Learning Agents 5.4 Question, adding obstacles to the track of the tutorial

First of all thanks for anyone that helps me with this topic, i copied this message from the learning agents 5.4 courses because makes more sense to belong to the forum, sorry for the double posting

POST1

However, I have a question about the observations—I’m not sure if I’m understanding them correctly.

I tried to add obstacles to the track, and if a car collides with them, it should receive negative rewards to encourage avoiding the obstacles. I created an actor that produces overlaps and stores information about who collided with it.

Interactor:

  • In the “specify agent observation” section, I added a location observation and constructed an array observation to add to the map containing the track and car observations. Then, I added a pin there called “Obstacles.”
  • In the “gather agent observation” section, I added a pin to the sequence to gather the observations of the obstacles.

I didn’t change anything in the actions of the agent because I thought the actions should remain the same.

Trainer:

  • I updated the reward function based on whether an obstacle was hit or not, giving -1 per obstacle hit by the agent.
  • I also updated the reset function to return the obstacles to a clean state.

After these changes, I broke it, haha. Now, the score is not going above 0.85, no matter how long I let it run.

Could it be that my reward function or my observations are wrong? It would be nice to have an example of how to gather observations of objects on the track that are not part of the spline. I tried following the example of the robot with the gun and so on, but I don’t know if I’m doing something wrong.

POST2

This are the obstacles, they are fix just to test if they are able to avoid something that i put in the track:

The obstacle actor:

Now the interactor:

Specify Agent obervations function:

I added tha part Obstacle observation + de entry on the map for the obstacles.

Gather Agent observations function

I added this as an step of the sequence

I added this to add the gathered observations on the sequence to the map

Now the trainer:

Gather Agent Reward function

I added this as part of a sequence to calculate when the agent hitted any of the obstacles and if it happens it add the negative reward.

Reset Agent Episode function

I added the reset of the obstacles to not mantain when a agent hitted an obstacle in the next iteration.
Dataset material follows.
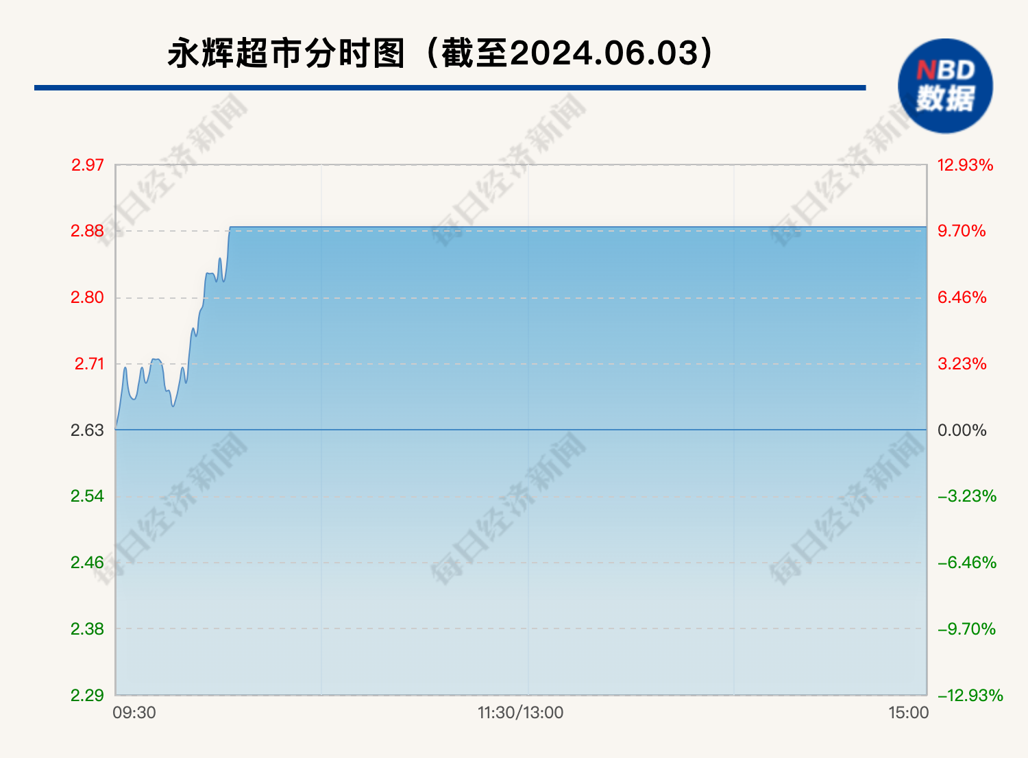 盘面上,截至今日收盘,永辉超市涨停,股价2.89元,市值262.27亿元。
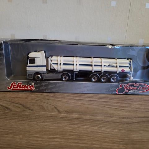 Schuco Mercedes-Benz Travego busmodel 1:87. Modellen er i H0-skala, hvilket svarer til 1:87.

Also i modified the Reset function of the pawn to not fall in an obstacle when they are moved at the begining of the episode.

And this were my modifications, i was able to run it headless, using tensorboard etc… the only step that i need to do is restart from an snapshot to continue the training, but that is something that i can try later.

Thanks to anyone that can give me some light to the topic! :slight_smile:

1 Like

Thanks for this post, I was just wondering if you’ve considered using raycast in observations?

Hello,

Nope, i didn´t i will try with different ways to collect the observations of the obstacles, but as i said i dont know what im doing wrong with the obstacles to get that such bad behavior.

This looks good as far as I can tell.

I added the reset of the obstacles to not mantain when a agent hitted an obstacle in the next iteration.

For the rewards, it probably makes more sense to use OnActorEndOverlap? I guess having the Reset is good too to make sure its cleared out.

I have a similar setup to you internally which I haven’t had time to write a tutorial about and found that it worked well with raycasting but not with the array observation. I’m not sure if this is due to a bug in the array observation (although I independently use that observation in a different demo and it worked well so I don’t believe its bugged). So I think it might be a representation issue in the observations or a training issue! Not sure yet.

Let me know what works for you though when you figure it out!

Brendan